**** Input
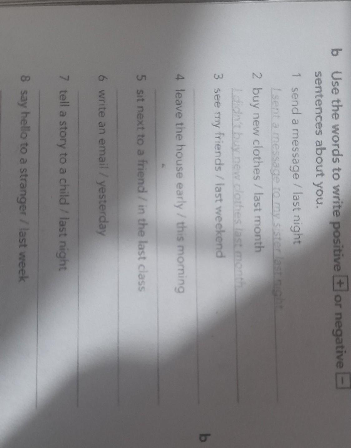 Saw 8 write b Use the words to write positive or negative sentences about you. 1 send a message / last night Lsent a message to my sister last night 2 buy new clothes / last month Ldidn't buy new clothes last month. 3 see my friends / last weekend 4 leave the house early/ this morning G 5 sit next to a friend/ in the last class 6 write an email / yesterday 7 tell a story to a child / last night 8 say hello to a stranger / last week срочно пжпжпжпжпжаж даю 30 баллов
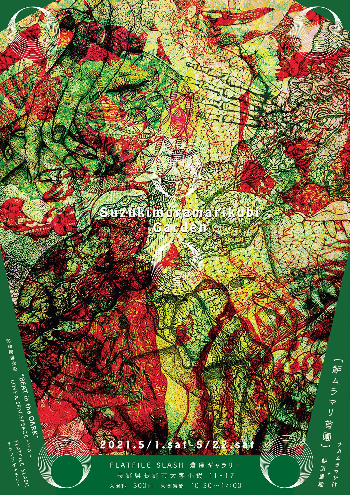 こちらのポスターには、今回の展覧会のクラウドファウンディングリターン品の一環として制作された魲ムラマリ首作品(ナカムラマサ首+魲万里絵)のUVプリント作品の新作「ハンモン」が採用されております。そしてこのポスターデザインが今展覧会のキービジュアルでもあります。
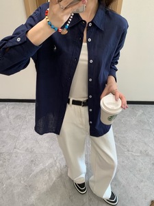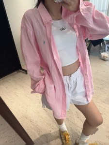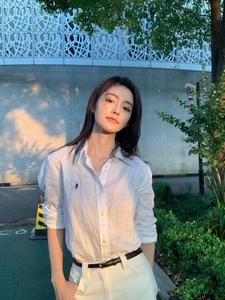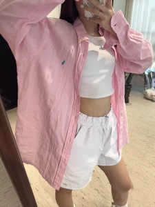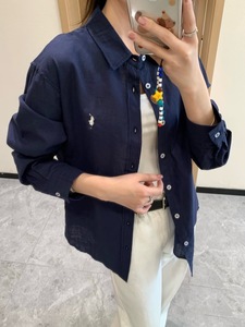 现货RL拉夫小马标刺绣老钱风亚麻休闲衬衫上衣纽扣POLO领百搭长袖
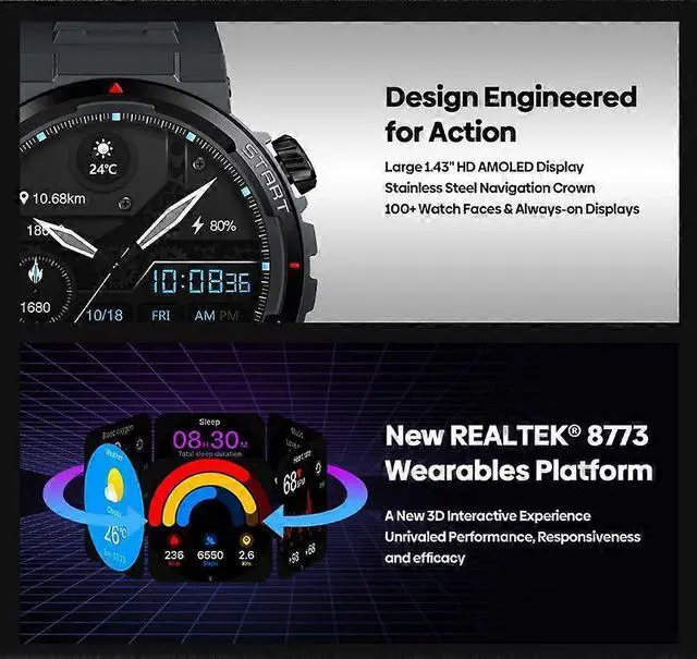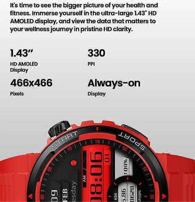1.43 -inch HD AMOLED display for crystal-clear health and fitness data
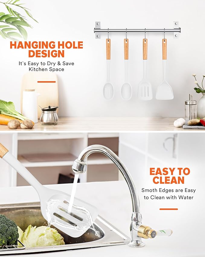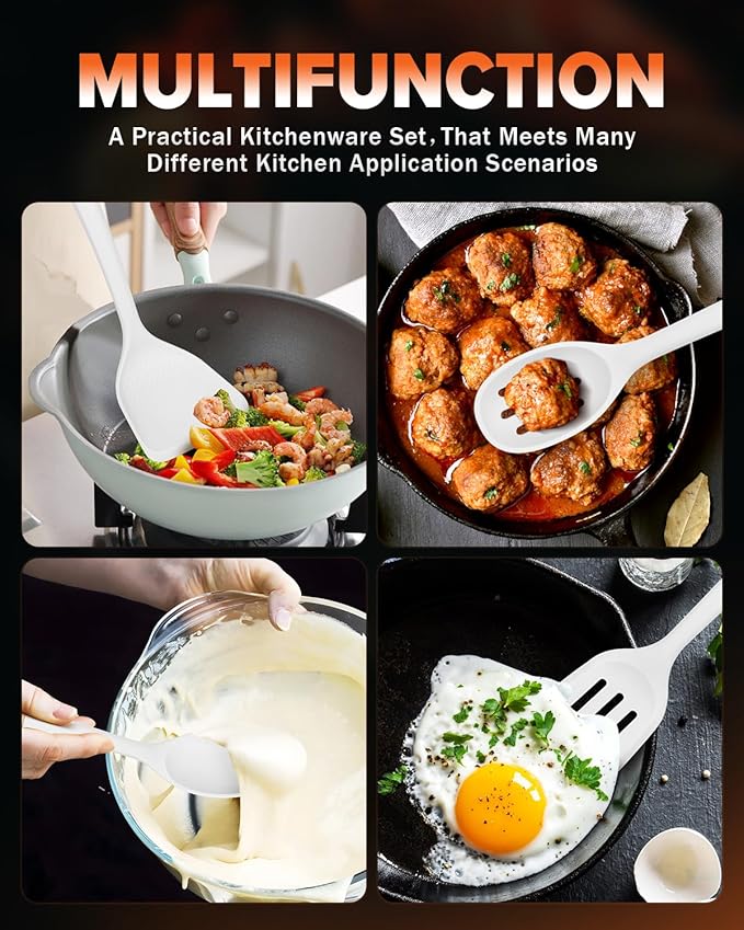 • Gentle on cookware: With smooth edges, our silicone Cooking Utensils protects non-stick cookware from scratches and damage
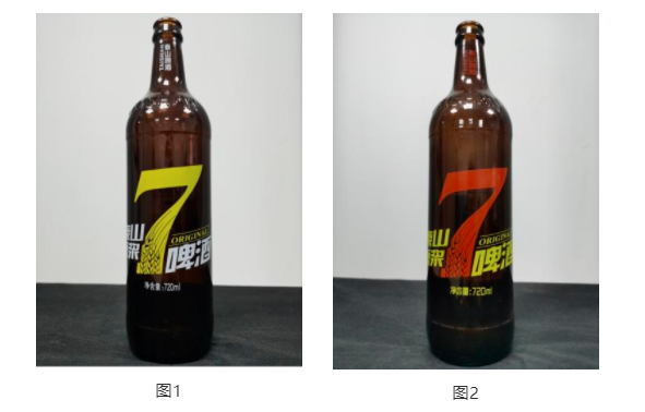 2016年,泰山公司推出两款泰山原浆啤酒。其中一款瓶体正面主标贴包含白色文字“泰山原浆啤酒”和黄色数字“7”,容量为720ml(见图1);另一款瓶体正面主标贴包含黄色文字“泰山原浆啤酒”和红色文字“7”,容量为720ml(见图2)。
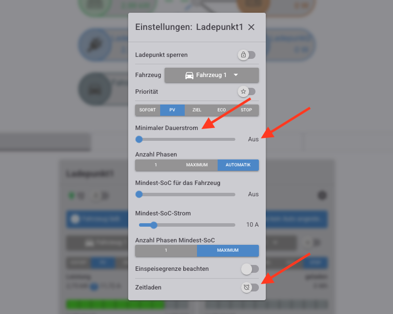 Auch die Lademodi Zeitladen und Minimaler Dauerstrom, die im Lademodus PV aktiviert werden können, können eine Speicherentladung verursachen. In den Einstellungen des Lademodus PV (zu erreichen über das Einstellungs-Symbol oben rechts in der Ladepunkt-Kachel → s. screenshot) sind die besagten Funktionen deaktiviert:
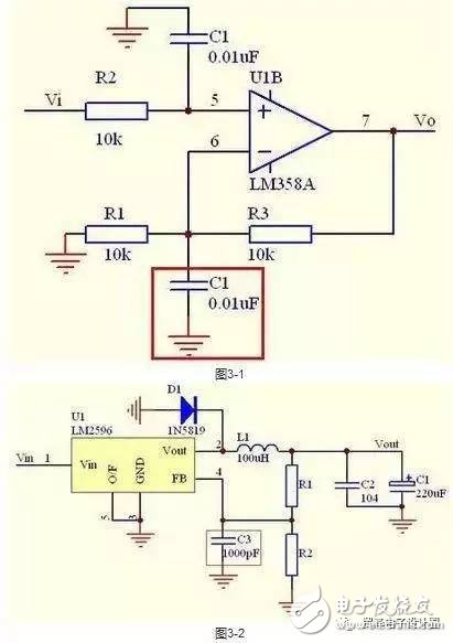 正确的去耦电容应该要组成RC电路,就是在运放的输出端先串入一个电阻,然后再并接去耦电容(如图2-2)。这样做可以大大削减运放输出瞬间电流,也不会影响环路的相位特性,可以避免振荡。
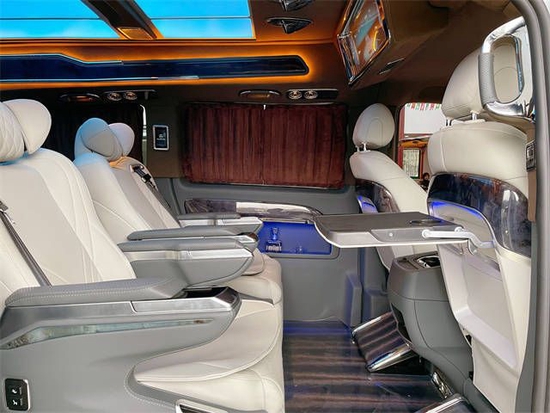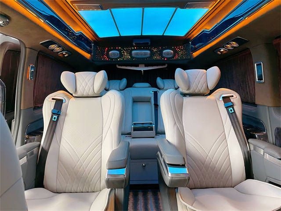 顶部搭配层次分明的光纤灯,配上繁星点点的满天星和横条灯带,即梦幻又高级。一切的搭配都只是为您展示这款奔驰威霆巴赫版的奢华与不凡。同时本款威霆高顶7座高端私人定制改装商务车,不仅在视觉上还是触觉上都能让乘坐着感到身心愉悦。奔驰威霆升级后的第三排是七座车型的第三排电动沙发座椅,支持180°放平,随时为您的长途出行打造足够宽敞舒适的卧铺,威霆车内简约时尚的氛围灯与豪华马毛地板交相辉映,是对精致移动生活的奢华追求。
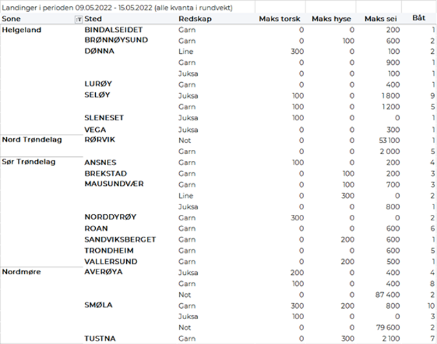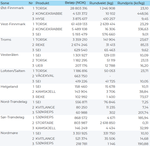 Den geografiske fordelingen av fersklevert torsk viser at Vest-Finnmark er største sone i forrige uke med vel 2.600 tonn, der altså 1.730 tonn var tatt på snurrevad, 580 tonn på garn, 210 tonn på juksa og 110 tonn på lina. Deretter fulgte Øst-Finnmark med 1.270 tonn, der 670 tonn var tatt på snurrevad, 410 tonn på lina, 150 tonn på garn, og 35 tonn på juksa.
********
-- Your goal --
Only one stretch of the listing is wanted: the lines starting at the one with "こちらのポスターには、今回の" and ending at the one with "scratches and damage", copied exactly and free of pictures.

-- Reply to the task --
 こちらのポスターには、今回の展覧会のクラウドファウンディングリターン品の一環として制作された魲ムラマリ首作品(ナカムラマサ首+魲万里絵)のUVプリント作品の新作「ハンモン」が採用されております。そしてこのポスターデザインが今展覧会のキービジュアルでもあります。
 现货RL拉夫小马标刺绣老钱风亚麻休闲衬衫上衣纽扣POLO领百搭长袖
1.43 -inch HD AMOLED display for crystal-clear health and fitness data
 • Gentle on cookware: With smooth edges, our silicone Cooking Utensils protects non-stick cookware from scratches and damage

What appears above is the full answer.